Become a Super Learner. Learn Speed Reading and Advanced Memorization. By Levi, Goldentouch, and Goldentouch. Yawn. Those two techniques is all you get and the description of memorization is a little fuzzy. Otherwise, I guess super-learners don’t learn from people and events. The authors are quite taken with themselves.

Learning 300% Faster: 25 Learning Techniques. By Sebastian Archer. Not bad but focused 100% on learning explicit knowledge. Build good learning habits — he offers plenty.

All of these authors are stuck in the schooling paradigm: Improve your study skills, use memory tricks to pass tests, speed up your reading, take better notes. You’d think that all there is to learning is studying for the test.

They miss the most important learning: tacit knowledge. This is the savoir faire, know-how, life skills, and professionalism that can’t be told because it’s coded into your unconscious mind and shows itself only after battling with the conscious mind.
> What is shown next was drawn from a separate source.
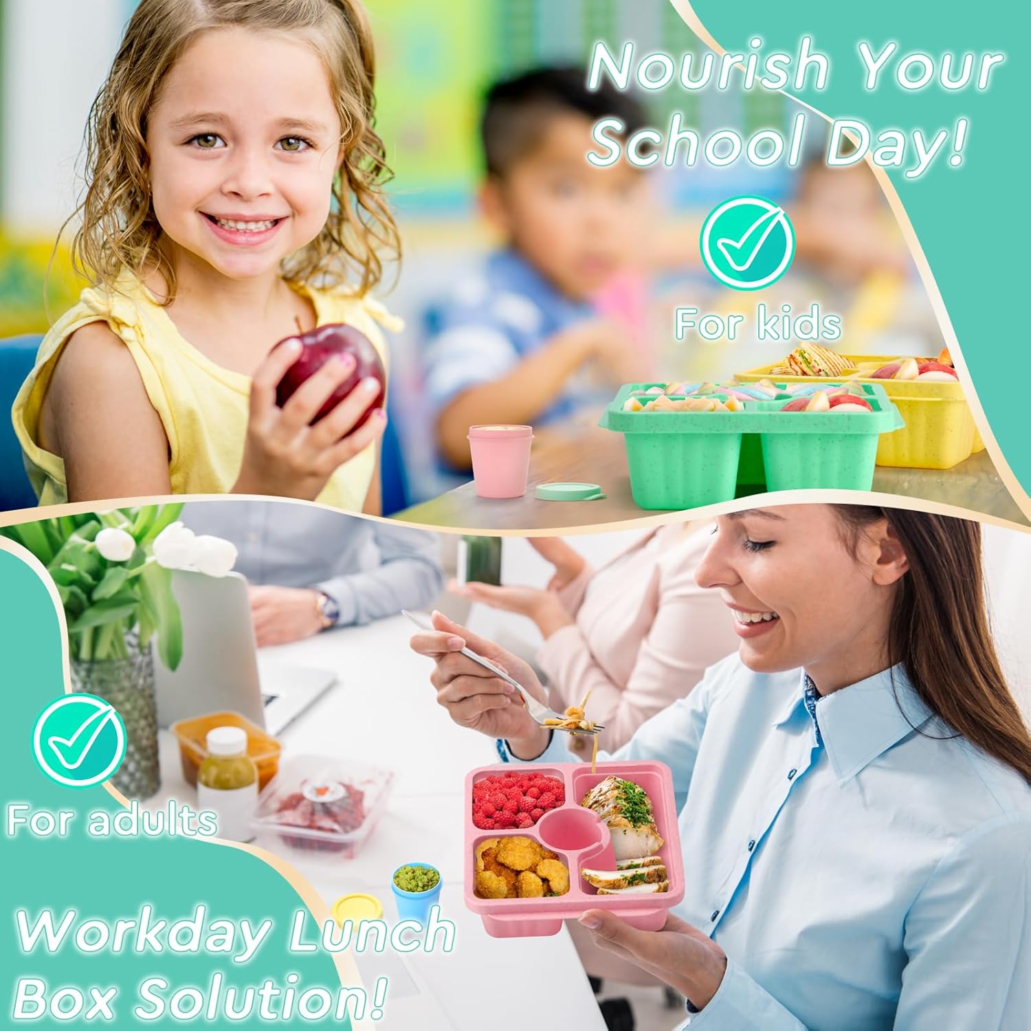 Vibrant 4-Pack Bento Boxes: Elevate your meal prep with our 4-pack bento boxes, each in a fun, vibrant color. Each container has a capacity of 550 ml (18.6 oz) and features 3 compartments, making it easy to pack a variety of meals for both kids and adults. Plus, enjoy 4 bonus deep sauce containers perfect for your favorite dips
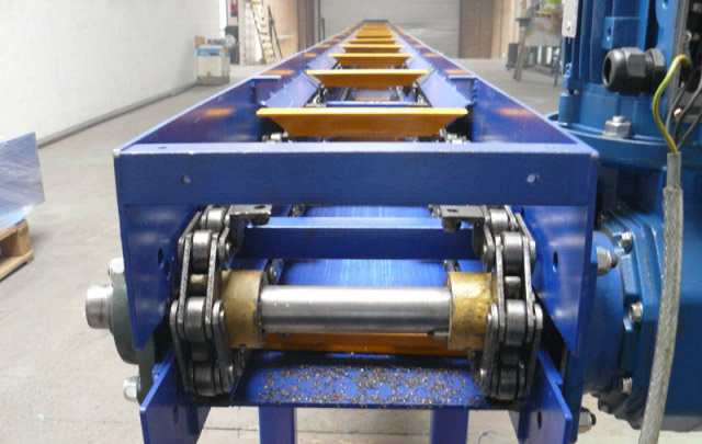 Вал с ведущими звездочками приводится во вращение приводным механизмом. Став представляет собой сварные или штампованные желоба протяженностью до 3 метров. Тяговым устройством служит круглозвенная, пластинчатая или вильчатая цепь.

Explicit knowledge? That’s what an algorithm can figure out. Don’t make this your main job! Dealing with facts, figures, and logic will be delegated to robots. Soon. Slave wages ahead. That’s not what you’re after.

Tacit knowledge? That’s the intuition, judgments, and behavior that define who you are. It’s learning to become your true self and fulfill your destiny. This is the home of value creation and personal fulfillment.

Alas the largely self-published pamphlets on DIY learning tell you a little bit of how to prosper in school and next to nothing about how to get ahead in business and in life.

The most important learning is learning to be. That’s where I’m focusing my attention this year.